Instructions for the task = Starting at the line that contains "เรือเฟอร์รีขนาดใหญ่เกยตื้น บริเวณชายหาดบ้านหน้าทอน หมู่ที่" in the listing below, write out every line word for word until you have written the line that contains "Bracelets cordon PU, Acier".

Given data =

════

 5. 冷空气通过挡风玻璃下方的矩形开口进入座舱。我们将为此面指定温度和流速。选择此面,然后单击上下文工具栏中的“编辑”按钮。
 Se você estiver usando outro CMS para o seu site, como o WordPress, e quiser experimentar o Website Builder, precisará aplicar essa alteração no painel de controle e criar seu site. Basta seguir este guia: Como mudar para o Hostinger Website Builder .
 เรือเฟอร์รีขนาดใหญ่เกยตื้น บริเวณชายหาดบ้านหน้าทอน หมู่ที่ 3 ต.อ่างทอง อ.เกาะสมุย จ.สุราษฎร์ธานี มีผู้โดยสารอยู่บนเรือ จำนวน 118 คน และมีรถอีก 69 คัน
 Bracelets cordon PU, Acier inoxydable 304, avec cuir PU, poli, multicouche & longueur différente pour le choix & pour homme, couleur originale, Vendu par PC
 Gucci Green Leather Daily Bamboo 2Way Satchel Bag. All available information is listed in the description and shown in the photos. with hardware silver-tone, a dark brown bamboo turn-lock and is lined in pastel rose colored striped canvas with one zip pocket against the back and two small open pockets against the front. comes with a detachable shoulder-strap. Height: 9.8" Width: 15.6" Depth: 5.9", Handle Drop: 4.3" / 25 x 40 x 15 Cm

════

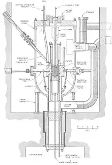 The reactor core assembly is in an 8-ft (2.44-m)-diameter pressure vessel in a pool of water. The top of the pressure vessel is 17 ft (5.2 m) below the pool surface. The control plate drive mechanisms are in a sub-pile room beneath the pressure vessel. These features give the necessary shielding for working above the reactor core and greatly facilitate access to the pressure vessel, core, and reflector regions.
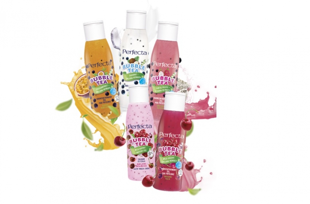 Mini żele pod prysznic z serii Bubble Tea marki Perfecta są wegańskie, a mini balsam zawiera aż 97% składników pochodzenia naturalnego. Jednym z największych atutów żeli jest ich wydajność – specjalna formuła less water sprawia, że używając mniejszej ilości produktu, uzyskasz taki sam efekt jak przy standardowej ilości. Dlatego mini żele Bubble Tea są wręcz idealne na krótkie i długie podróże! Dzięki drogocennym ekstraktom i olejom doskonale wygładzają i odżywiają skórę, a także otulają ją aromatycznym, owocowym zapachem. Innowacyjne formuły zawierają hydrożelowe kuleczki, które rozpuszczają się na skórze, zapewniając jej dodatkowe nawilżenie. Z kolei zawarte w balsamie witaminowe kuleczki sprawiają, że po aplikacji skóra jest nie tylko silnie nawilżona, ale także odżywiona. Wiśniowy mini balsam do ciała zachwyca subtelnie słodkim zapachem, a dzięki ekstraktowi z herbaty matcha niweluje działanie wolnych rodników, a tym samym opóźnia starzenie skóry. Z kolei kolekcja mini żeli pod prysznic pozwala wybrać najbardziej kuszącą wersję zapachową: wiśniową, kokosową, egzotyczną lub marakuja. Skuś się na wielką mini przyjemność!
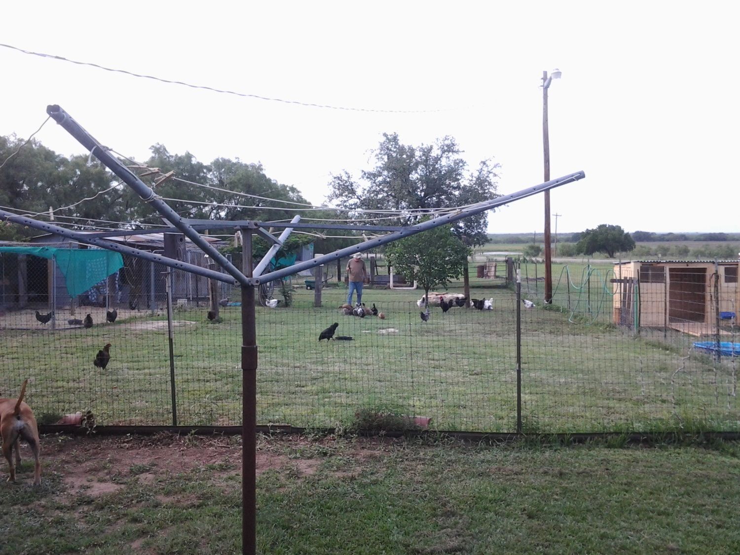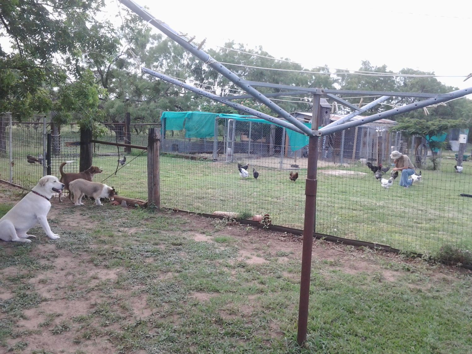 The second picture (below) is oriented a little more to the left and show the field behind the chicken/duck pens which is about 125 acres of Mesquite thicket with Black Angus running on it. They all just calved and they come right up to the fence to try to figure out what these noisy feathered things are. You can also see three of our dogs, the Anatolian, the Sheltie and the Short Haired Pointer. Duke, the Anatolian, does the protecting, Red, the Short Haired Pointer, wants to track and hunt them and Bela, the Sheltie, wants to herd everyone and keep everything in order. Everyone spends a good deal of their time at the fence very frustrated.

════

The answer =
 เรือเฟอร์รีขนาดใหญ่เกยตื้น บริเวณชายหาดบ้านหน้าทอน หมู่ที่ 3 ต.อ่างทอง อ.เกาะสมุย จ.สุราษฎร์ธานี มีผู้โดยสารอยู่บนเรือ จำนวน 118 คน และมีรถอีก 69 คัน
 Bracelets cordon PU, Acier inoxydable 304, avec cuir PU, poli, multicouche & longueur différente pour le choix & pour homme, couleur originale, Vendu par PC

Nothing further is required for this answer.